◆ EXERCISE GOAL: Every line below from the one with "左メニューには通常のチャット" through the one with "Trong đó, giải" is to be repeated exactly, with no picture among them.

◆ ENTRIES SHOWN:
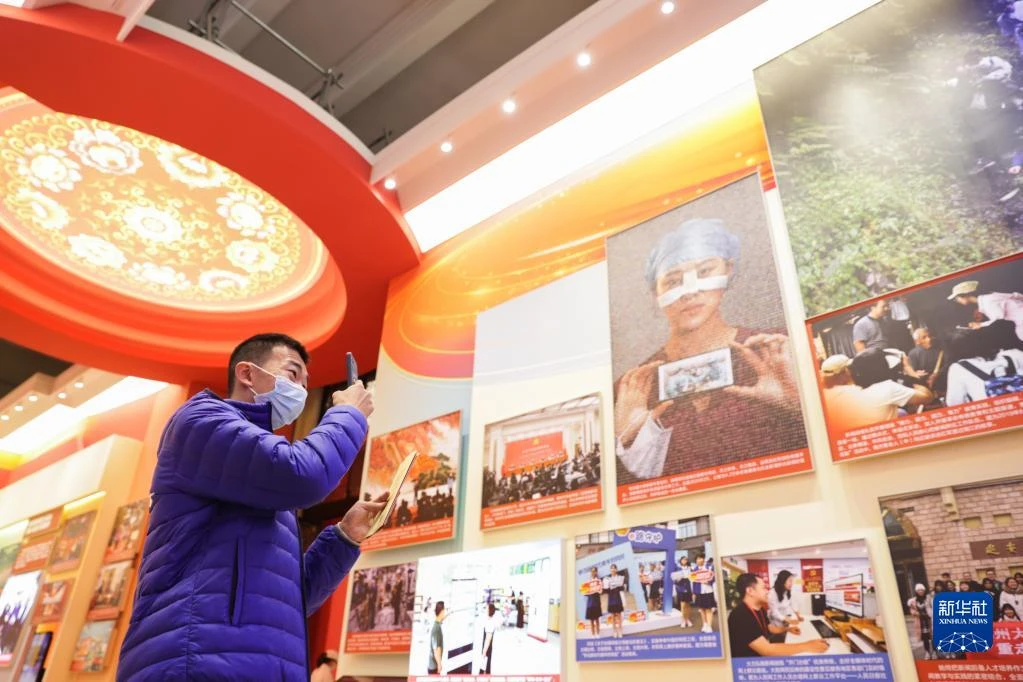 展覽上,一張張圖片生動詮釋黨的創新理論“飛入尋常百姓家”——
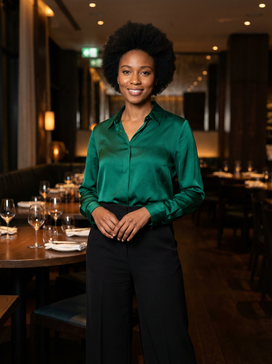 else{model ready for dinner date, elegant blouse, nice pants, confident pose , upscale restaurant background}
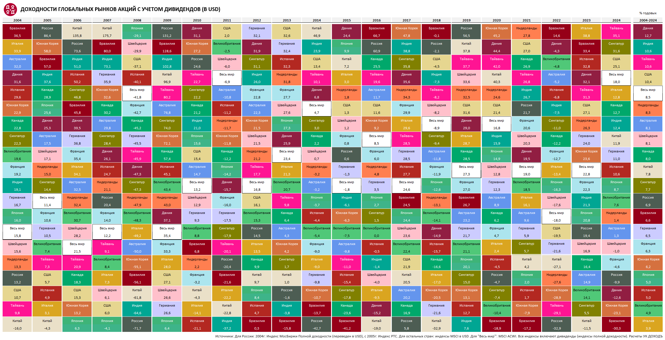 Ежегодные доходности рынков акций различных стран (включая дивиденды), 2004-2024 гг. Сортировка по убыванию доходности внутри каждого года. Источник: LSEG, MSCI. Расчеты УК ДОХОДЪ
--
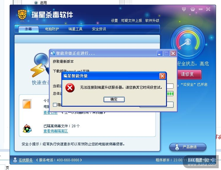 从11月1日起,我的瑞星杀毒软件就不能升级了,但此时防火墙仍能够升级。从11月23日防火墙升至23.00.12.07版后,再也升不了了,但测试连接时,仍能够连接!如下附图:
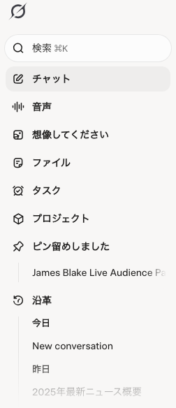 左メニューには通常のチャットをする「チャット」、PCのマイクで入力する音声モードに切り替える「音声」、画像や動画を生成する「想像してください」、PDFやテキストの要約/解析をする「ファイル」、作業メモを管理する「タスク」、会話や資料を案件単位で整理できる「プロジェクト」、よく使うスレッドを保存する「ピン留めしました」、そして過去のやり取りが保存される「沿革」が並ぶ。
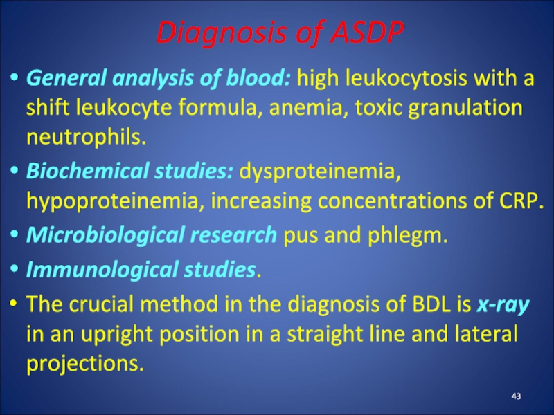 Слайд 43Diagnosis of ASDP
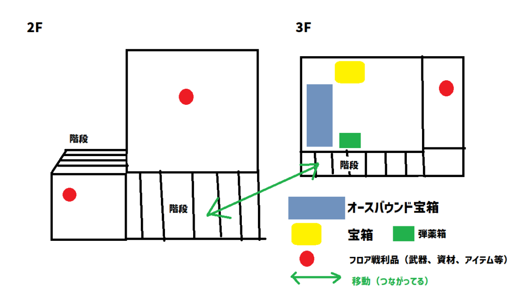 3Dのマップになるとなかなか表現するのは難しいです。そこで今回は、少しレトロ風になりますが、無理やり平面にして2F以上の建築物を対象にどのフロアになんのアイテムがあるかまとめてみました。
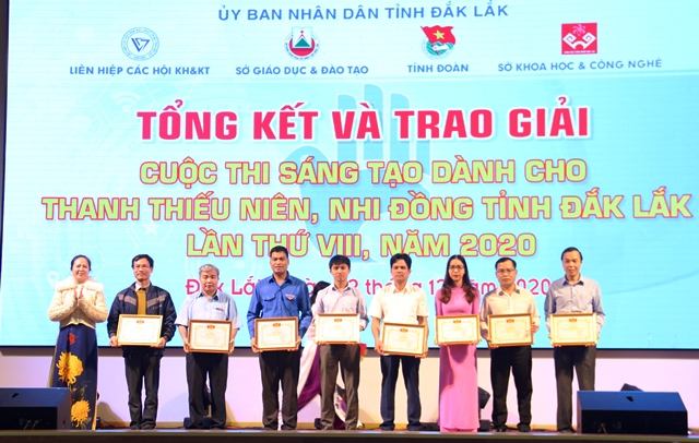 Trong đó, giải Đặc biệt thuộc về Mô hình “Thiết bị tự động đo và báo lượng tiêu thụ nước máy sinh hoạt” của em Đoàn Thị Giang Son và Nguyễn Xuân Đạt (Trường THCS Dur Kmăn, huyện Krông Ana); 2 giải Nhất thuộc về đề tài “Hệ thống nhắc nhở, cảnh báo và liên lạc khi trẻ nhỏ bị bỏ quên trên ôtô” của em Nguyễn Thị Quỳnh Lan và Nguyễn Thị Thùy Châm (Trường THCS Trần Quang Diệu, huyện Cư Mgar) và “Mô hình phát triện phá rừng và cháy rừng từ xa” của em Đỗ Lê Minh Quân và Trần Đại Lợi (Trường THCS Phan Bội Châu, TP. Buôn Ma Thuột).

◆ WORKED SOLUTION:
 左メニューには通常のチャットをする「チャット」、PCのマイクで入力する音声モードに切り替える「音声」、画像や動画を生成する「想像してください」、PDFやテキストの要約/解析をする「ファイル」、作業メモを管理する「タスク」、会話や資料を案件単位で整理できる「プロジェクト」、よく使うスレッドを保存する「ピン留めしました」、そして過去のやり取りが保存される「沿革」が並ぶ。
 Слайд 43Diagnosis of ASDP
 3Dのマップになるとなかなか表現するのは難しいです。そこで今回は、少しレトロ風になりますが、無理やり平面にして2F以上の建築物を対象にどのフロアになんのアイテムがあるかまとめてみました。
 Trong đó, giải Đặc biệt thuộc về Mô hình “Thiết bị tự động đo và báo lượng tiêu thụ nước máy sinh hoạt” của em Đoàn Thị Giang Son và Nguyễn Xuân Đạt (Trường THCS Dur Kmăn, huyện Krông Ana); 2 giải Nhất thuộc về đề tài “Hệ thống nhắc nhở, cảnh báo và liên lạc khi trẻ nhỏ bị bỏ quên trên ôtô” của em Nguyễn Thị Quỳnh Lan và Nguyễn Thị Thùy Châm (Trường THCS Trần Quang Diệu, huyện Cư Mgar) và “Mô hình phát triện phá rừng và cháy rừng từ xa” của em Đỗ Lê Minh Quân và Trần Đại Lợi (Trường THCS Phan Bội Châu, TP. Buôn Ma Thuột).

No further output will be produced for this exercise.